Also, please add some whose who comments to the pics.

EricG.NH


----------



## defaced (May 23, 2005)

To say the show was incredible would be an understatement. I didn't have an opportunity to mingle with everybody, but the people I did mingle with were super nice. 

Oh, and as I was told, and I totally agree, Rich from Black Jungle is worth the price of admission. :lol: :lol: :lol:


----------



## melissa68 (Feb 16, 2004)

I have added some comments to the pictures. IAD was a blast.


----------



## TimStout (Feb 16, 2004)

I had a good time as well. Sold some frogs, talked alot...didn't drink enough though. Yes, Kyle I agree next years venue has to have a place for socialization (bar) on site.


----------



## PDFanatic (Mar 3, 2007)

I dont know what the deal was with the bar at the holiday inn. It closed at 11pm every night??? That was absurd when everyone was staying there wayyyy later than that. There was more than enough people down there to give the lady tips and such. We need somewhere where the bar is open 24 hrs!!!


----------



## kyle1745 (Feb 15, 2004)

They normally stay open for us on Sat night, but they had a wedding group who was already trashed and they were worried they would take it too far.


----------



## Dancing frogs (Feb 20, 2004)

PDFanatic said:


> I dont know what the deal was with the bar at the holiday inn. It closed at 11pm every night??? That was absurd when everyone was staying there wayyyy later than that. There was more than enough people down there to give the lady tips and such. We need somewhere where the bar is open 24 hrs!!!
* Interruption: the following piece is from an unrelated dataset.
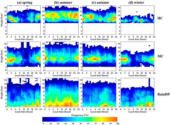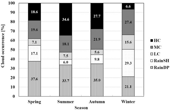 The frequency of cloud occurrence was approximately 15.6% (43.5% of the yearly overall cloud occurrence) in summer, 8.6% (23.9%) in autumn, 5.2% (14.4%) in winter, and 6.5% (18.1%) in spring (Table 5). This result is similar to previous studies that analyzed the cloud frequency in East Asia. According to Cai et al. [41], the occurrence of clouds in summer and autumn was, in general, greater than in spring and winter over China, based on the cloud–aerosol lidar with orthogonal polarization (CALIOP) data. Lee et al. [23] also showed that the occurrence of clouds in summer accounts for the largest proportion of the yearly frequency in Seoul, Korea. Furthermore, the occurrence by cloud types showed the highest value in RainDP (11.8%; 32.9% of the yearly average cloud occurrence), followed by HC (9.3%; 26.0%), MC (7.4%; 20.6%), RainSH (4.4%; 12.0%), and LC (2.9; 8.2%). That is, approximately 45% of clouds were accompanied by precipitation, and the RainSH was approximately 27% of the precipitation. The previous analyses with the shorter period (2–3 months) showed a similar result that the LC containing precipitating clouds was the most frequent (Oh et al. [24] and Ye et al. [25]).

That same thing (early bar close) is the main things I didn't like about MWFF.


----------



## Roadrunner (Mar 6, 2004)

they were nice enough to let us use the area. we got a couple cases o` beer and coolers and i stayed till 430 on sat. There were still a few left after Michelle and I left.


----------



## bluedart (Sep 5, 2005)

Yeah--we had booze. It's all good. 

As most have said--IAD was great. I didn't buy much--some supplies and picked up some vittatus; however, as always, it's great to see good friends. I got to meet several people (defaced is no longer de-faced), hang out with old friends, and become the CBB. 

It was great.


----------



## NCSUdart (Oct 1, 2004)

you left your shoes in my car


----------



## UmbraSprite (Mar 2, 2007)

NCSUdart said:


> you left your shoes in my car


Hah!

Now its getting good. There has to be better dirt than that!


----------



## phyllomedusa (May 17, 2004)

Posted some comments in the pics.

josh,
Well since i let you in against scotts orders next year you wont be able to come in till 11:00 :lol: . The quinq's and truncs at the show really tested my discipline not to spend much this year( i am looking at a car later this week). I think both brian and joe were getting sick of me picking the frogs up constantly on the few times i was able to walk around. 



Sean


----------



## Ed (Sep 19, 2004)

The bar has never stayed open past 11 PM in all of the IADs that have been held there (as well as the MARS Show). The hotel has been kind enough over the years to look the other way when after the bar was closed we rolled out the coolers and continued sitting in the lobby making a mess. 


Ed


----------



## zBrinks (Jul 16, 2006)

Ok, I have to come next year - whos up for driving from Michigan?


----------



## reggorf (Oct 24, 2006)

joshsfrogs and scott of phrogs n phelsuma both came from michigan. i am sure you could find a way down there. we flew from cleveland for $60 per person and drove back with all our frogs and supplies.


----------



## defaced (May 23, 2005)

Maryland has some interesting liquor laws, I'll say that much. Not only do the liquor stores close super early (10ish?...) but grocery stores don't carry alcohol either. We ended up going to a bar, which was half, bar half liquor store, and buying beer there. Very odd set of laws IMO.


----------



## PDFanatic (Mar 3, 2007)

I think there would be about ten million plus depressed people in Wisconsin if bars closed at 10pm plus miller brewing would probably boycott the laws!!!


----------